John Capobianco • 22:46
Well, we lost William by accident, I hope he rejoins, but to William’s point, the mix of experts that Itential has is totally up to you. If you have a singular LLM provider that you want to use on-prem or in the cloud, you can do that. If you wanted to incorporate multi-AI and lean on what they’re good at, code generation or code validation or text generation for the ServiceNow ticket, you can do that as well. So, I’m hoping William jumps back in here. If not, I want to thank you for joining us and if you have any questions or want a demo of this solution or other solutions from Itential or Selector, just reach out and let William or I know and we will make sure that we get you connected to the right people.
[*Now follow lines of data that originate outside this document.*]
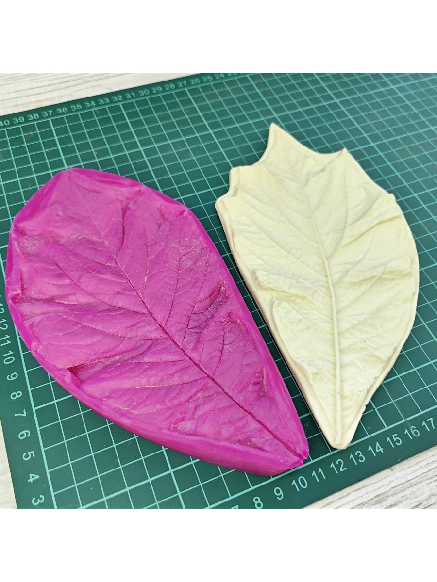 Молды для цветов из изолона и фоамирана используется для придания формы и фактуры листьям и лепесткам. После применения фактурного молда, листва становится максимально похожа на живую. Молд изготовлен из прочного полиуретана, не ломается. Вайнер изготовлен из пищевого силикона. Подходят для многократного использования. Чтобы на фоамиране или изолоне получился четкий отпечаток, его необходимо предварительно нагреть с помощью фена или утюга. Наличие пористости не является браком, так как не нарушает фактуры отпечатка на фоамиране и изолоне. Молды для творчества можно применять при рукоделии цветов и листьев розы ириса лилии тюльпана пиона гортензии ромашки пиона георгина чашелистика эпоксидной смолы свечей мыла шоколада. Молд+вайнер лист универсальный: Состоит из двух частей: пластик + силикон. Часть А (в пластике): 21,5х11,2 см, обратная часть – часть Б (в силиконе): 21х11,5 см.
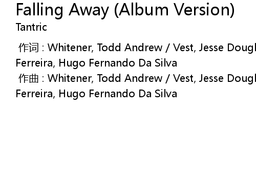 | [00:00.000] | zuò qǔ : Whitener, Todd Andrew Vest, Jesse Douglas Taul, Matt Ferreira, Hugo Fernando Da Silva |
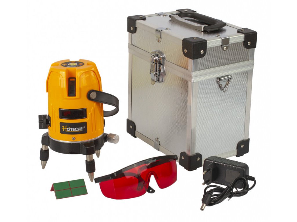 Laser je dodáván v praktickém hliníkovém kufříku společně s příslušenstvím (ochranné brýle, terčík a nabíječka).
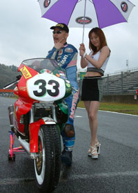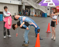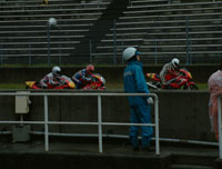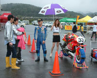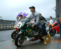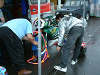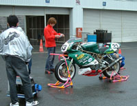 レースの準備が始まりました。タイヤウォーマーを巻きます。 | ![]() |

Thank you again. Thank you for everyone who supported us at Cisco Live, who came out to our booths and said hello, and stay tuned for more.
John Capobianco • 23:43
We’re going to have more of this in a series of demos. We have some other use cases. that we can provide. There’s William. He is back to say goodbye. I’m just wrapping things up, William. So William, we’re going to have a series of these.
John Capobianco • 23:56
This is this month’s episode. We want to keep this nice and tight, 30 minutes. But we have an NTP drift example. We have some other configuration examples. We have some source of truth examples. So William, hopefully I can invite you back and next month we can show off some more use cases. Do you have any final thoughts before we go?
William Collins • 24:16
Yeah, I guess the only thing is any use case that’s a consistent challenge that you run into operationally that, you know, Selector gets that context around and has that data and does that triage, anything that is happening, you know, can be basically thrown into this closed loop automation machine, if you will. So just think about all those things that take up so much time that are so tedious that operations, these things that you deal with again and again and again. And, you know, when I was in the network engineering space, I always thought, you know, gotta be an easier way. There has to be a better way, come on. And this is really that catalyst of really a better way of doing ops. So really excited, really excited.
John Capobianco • 25:04
I’m also excited about seeing artificial intelligence applied to solve problems in such an elegant way. I know a lot of you are thinking probably as you watch this 5 to 10 or 15 use cases off the top of your head that you as a human never want to deal with again, that it’s either so trivial or such low risk or such high frequency of an occurrence or even a low frequency occurrence that happens four times a year and you just want to dealt with automatically. This is the solution. This is the promise of artificial intelligence. So again for William and John, thank you again for joining us. We’ll be back next month or in a few weeks with some more use cases and we really do appreciate your feedback. So as you’re watching this, ask questions, right? Share this around, reach out to William for a demo, reach out to me for a demo.
John Capobianco • 25:56
We really are excited about this future together. Thanks again.